やっと、森に着いた。森に着くのに、三日掛かった。
今は、昼だ。暖かい日差しが、木々の間から射しこんでくる。
(まずは、寝床ね。)
寝床に適した場所を探すため、森の中を歩きだす。
飛べるには飛べるが、丸三日飛び続けたから羽を動かしたくない。
ヴェルーナは、木より小さい。ヴェルーナだけではない。
ここら一体の竜は皆そうだ。ヴェルーナは、『古竜』だ。
三日前の、うざい男もそう。
『古竜』は、とても珍しい。普通の竜より小さい。が、さまざまな物に姿を変えられる。
もちろん、人間にもなれる。
しばらく歩くと、大きな湖が出てきた。とても澄んでいる。
湖の淵に沿って歩いていると、近くに窪地を見つけた。ヴェルーナの大きさに、ぴったりだ。

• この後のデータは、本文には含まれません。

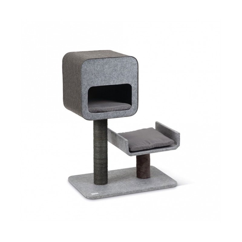 Dank der Materialwahl und der puristischen Farbgebung in Grautönen ist der Kratzbaum ein zeitlos schönes Möbel, das sich vielen Einrichtungsstilen anpasst. Vom Liegeplatz aus kann die Katze alles im Auge behalten, dort lässt sich aber auch gut ein kleines Nickerchen halten. Und natürlich lädt besonders das Katzenhaus nach einer ausgiebigen Kratzsession zum entspannten Verweilen ein.
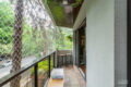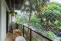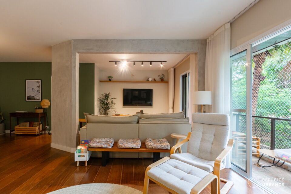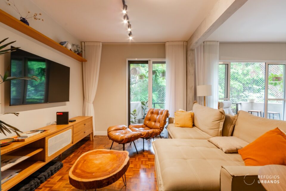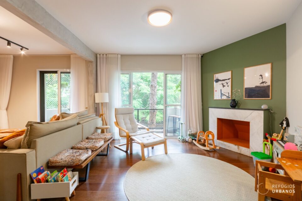 Estamos no primeiro andar. No entanto, a sensação é de estar suspenso no verde. A sala recebe o sol da tarde, que entra generoso pelas janelas e aquece o piso. Além disso, a varanda se abre para uma grande árvore, presente vivo da praça logo em frente.
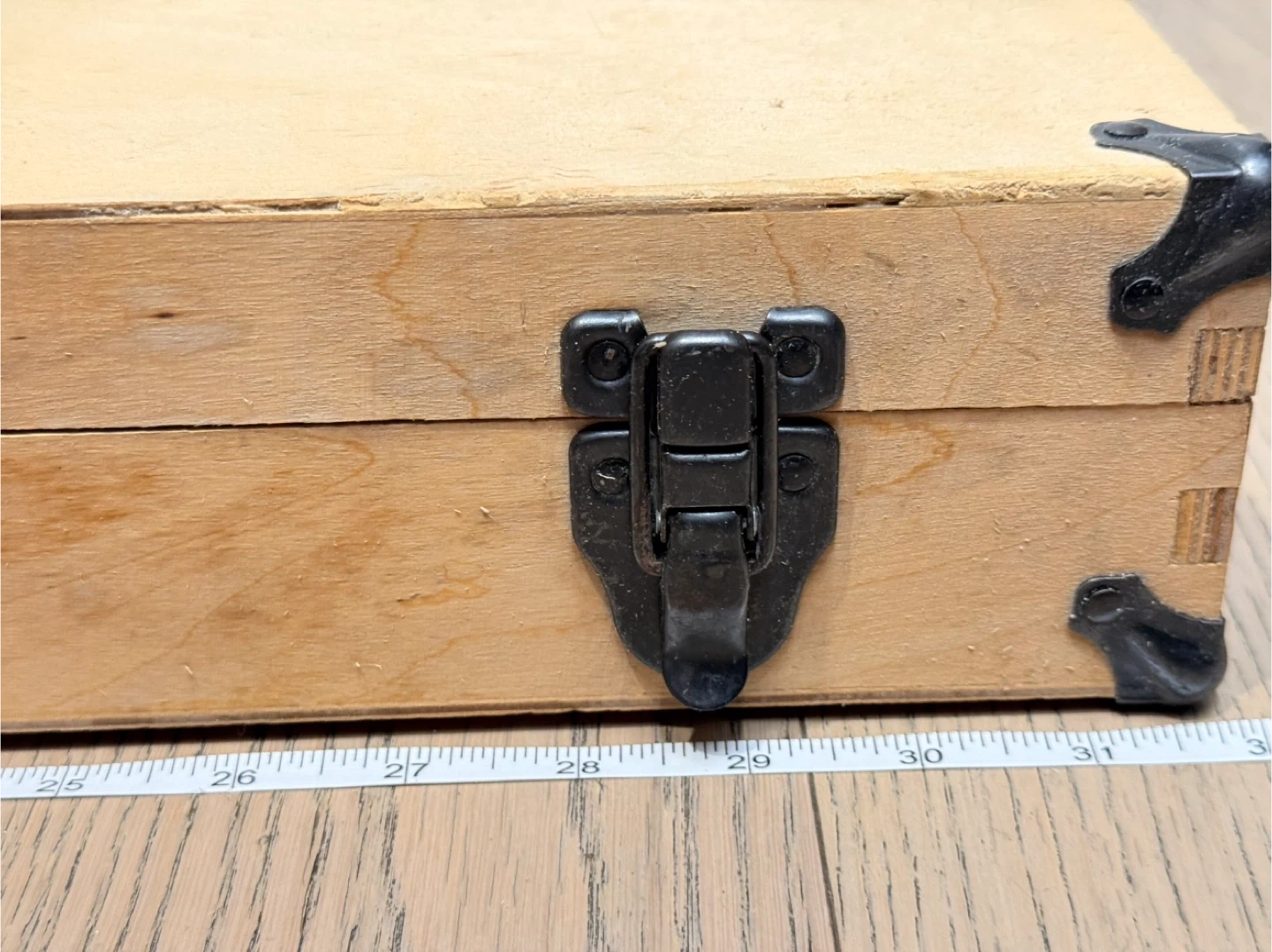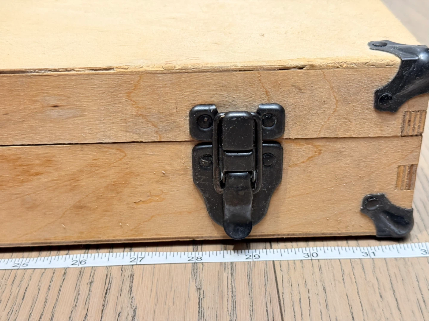 Condition: Have some stains on wood lid (images) metal clasps have some wear (images) but in good condition!
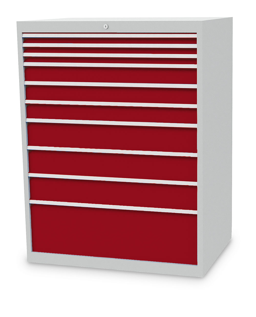 Dieser Schubladenschrank ist echt made in Germany. Stabiles Gehäuse aus verschweißtem Stahlblech. 10 x Schubladen mit Vollauszug 100%. Erhöhte Kippsicherheit durch Schubladen-Einzelauszug, nur eine Schublade kann geöffnet werden. Sichere Zentralverriegelung, diebstahlsicher.
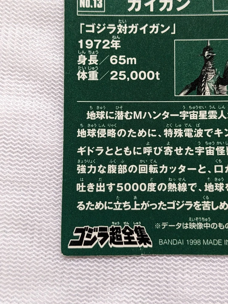 Bandai Mini Card Gigan vs Godzilla 2.8x2.0 No.13 1998 Toho Toei Japanese Collectible
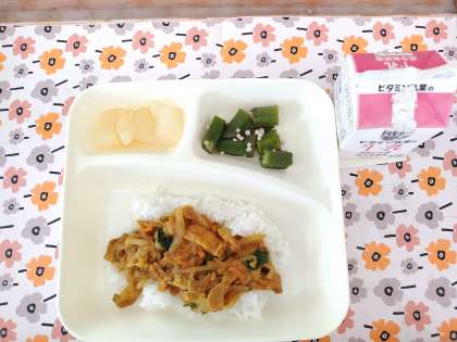 6/28の今日の給食は「和風カレー丼、オクラのかつお梅風味、和なし(カット缶)、牛乳」です。
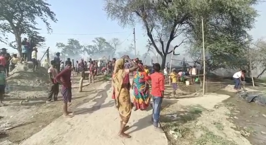 भागलपुर के नाथनगर थाना क्षेत्र के शंकरपुर गांव में अचानक आग लग गई। आग तेजी के साथ पूरे गांव में फैल गई। जिससे गांव के दर्जन भर से ज्यादा घर जलकर राख हो गए। वही घरों में रखा सामान भी पूरी तरीके से जल गया। अनाज, कागजात, रुपए,ट्रैक्टर सहित लोगों का सारा आशियाना जलकर थोड़ी ही देर में राख हो गया।
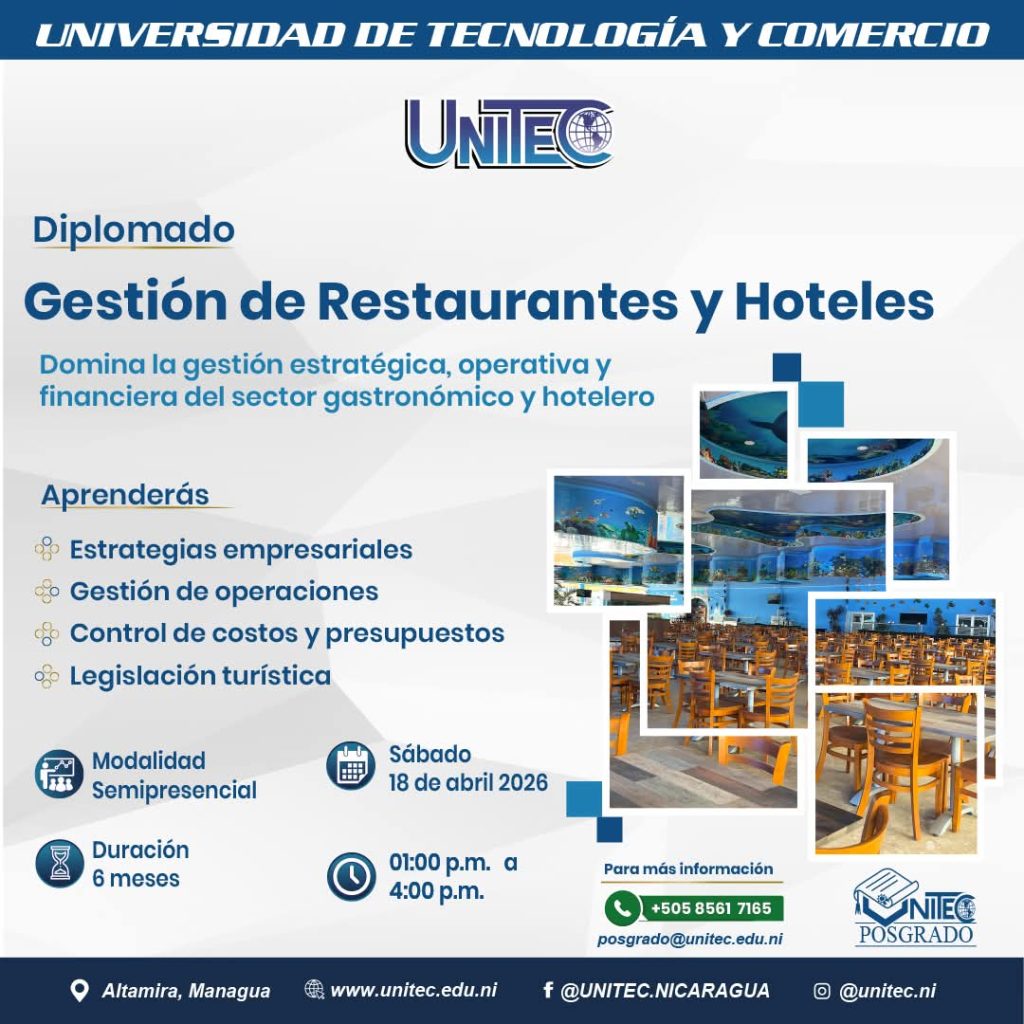 Convierte tu experiencia en el sector gastronómico y hotelero en resultados reales y rentables. Este diplomado está diseñado para quienes desean optimizar operaciones, reducir costos y gestionar negocios con visión estratégica. Aprenderás a: Inicio: 18 de abril de 2026 Duración: 6 meses Modalidad: Semipresencial Cupos limitados Solicita información y asegura
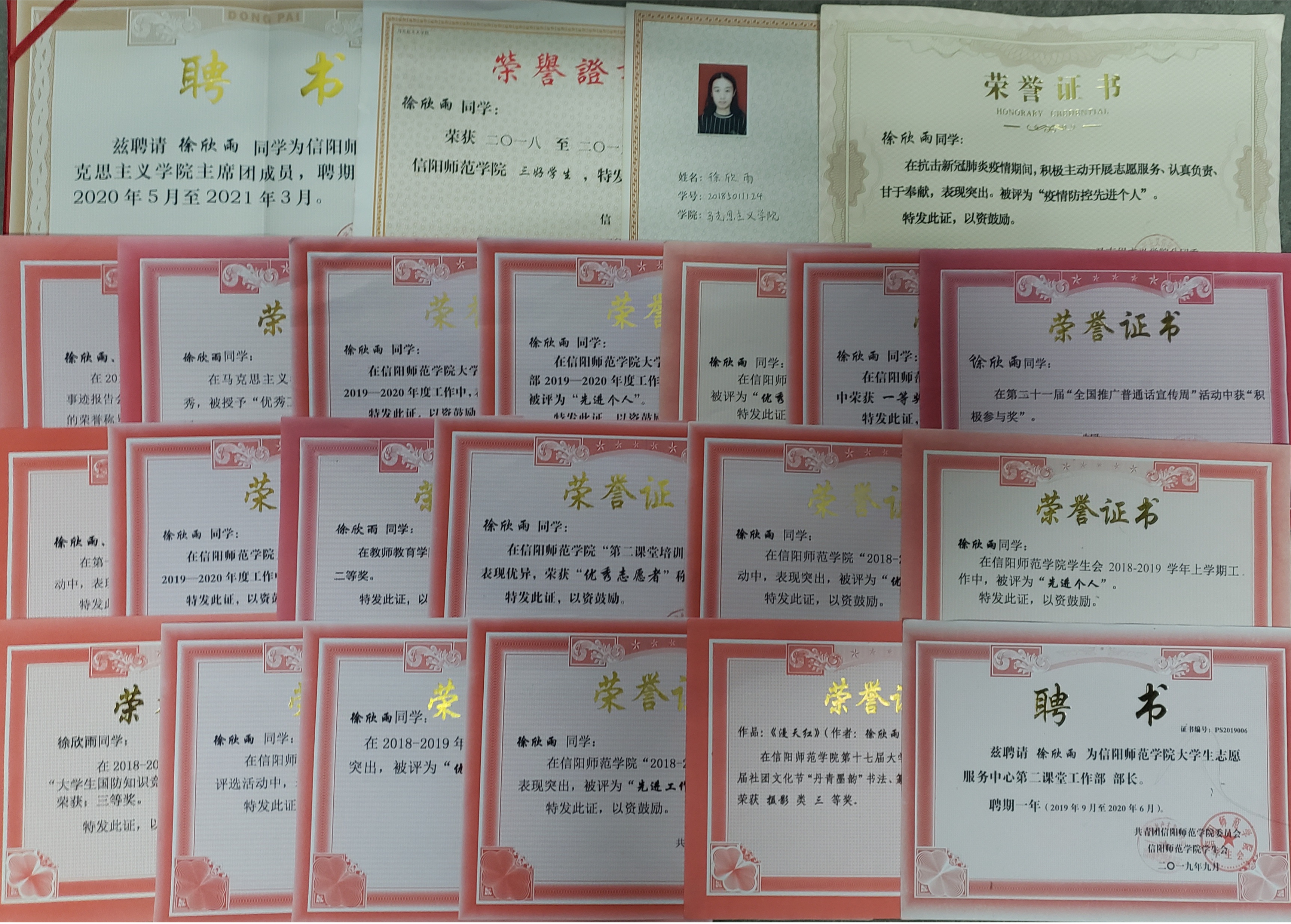 该生积极为公司同学服务,自履职以来始终以不忘初心、不辜负每一张选票为准则,全新全意为公司同学服务,力所能及帮助公司同学解决生活学习困难,同时高质量高标准完成公司任务,协助老师与同学沟通与交流,发挥自身桥梁作用。积极组织、服务公司及公司多项活动,例如信阳师范公司迎新活动、信阳师范公司元旦晚会、信阳师范公司“诗词大会”、信阳师范公司首届社团嘉年华活动、信阳师范公司第八届“十佳教师”活动、信阳师范公司第十届“明星社长”活动等活动。曾获荣誉如“三好员工”、“模范干部”、“优秀工作者”、“优秀志愿者”等。

窪地に、草をひきつめる。と、草の中できらりと何か光る。
手を伸ばして拾うと、綺麗な鏡だった。花の模様が、施された美しい鏡。
鏡に見入っていると、鏡が突然光った。
夢の中で、誰かが呼んでいる。
「おいっ」
銀色の髪に、青い瞳。美青年だ。
「お前は、今日から『神竜』だ。」
彼の姿が、ぼやけていく。
目が覚めた。空が赤く染まっている。
このまま寝ようと思った。が、おでこのところが、急に熱くなった。
先ほど拾った鏡を、手に持っていたので鏡を見る。
鏡を見て、目を丸くした。
おでこに、青い物が付いている。取ろうとしても、全く動かない。
その時、さっき見た夢を思い出した。青年は、『神竜』と言っていた。
昔、育ててくれたおばさんが言っていた。
『神竜とは、神に認められた竜の事。誰もが敬う竜よ。その証に、青い珠が体のどこかに付くの。』
と。
(て、ことは・・・私は、神竜?)
そんなことを考えていると、鏡から銀色の丸い物が出てきた。
ふよふよと、浮いている。ひっくりかったと思ったら、一対の青い眼が出てきた。
ヴェルーナよりも、深い青い眼。
ヴェルーナは、眼を細める。
(何これ・・・・・・・・)
生き物?などと考えていると、玉が喋り出した。
「ふんっ、我は神に決まっているだろう。」
(神って・・・)
「神は神だ。」
俺様口調だ。しかも、上から目線。
「お前は、俺の竜だ。」
これが、神との出会い。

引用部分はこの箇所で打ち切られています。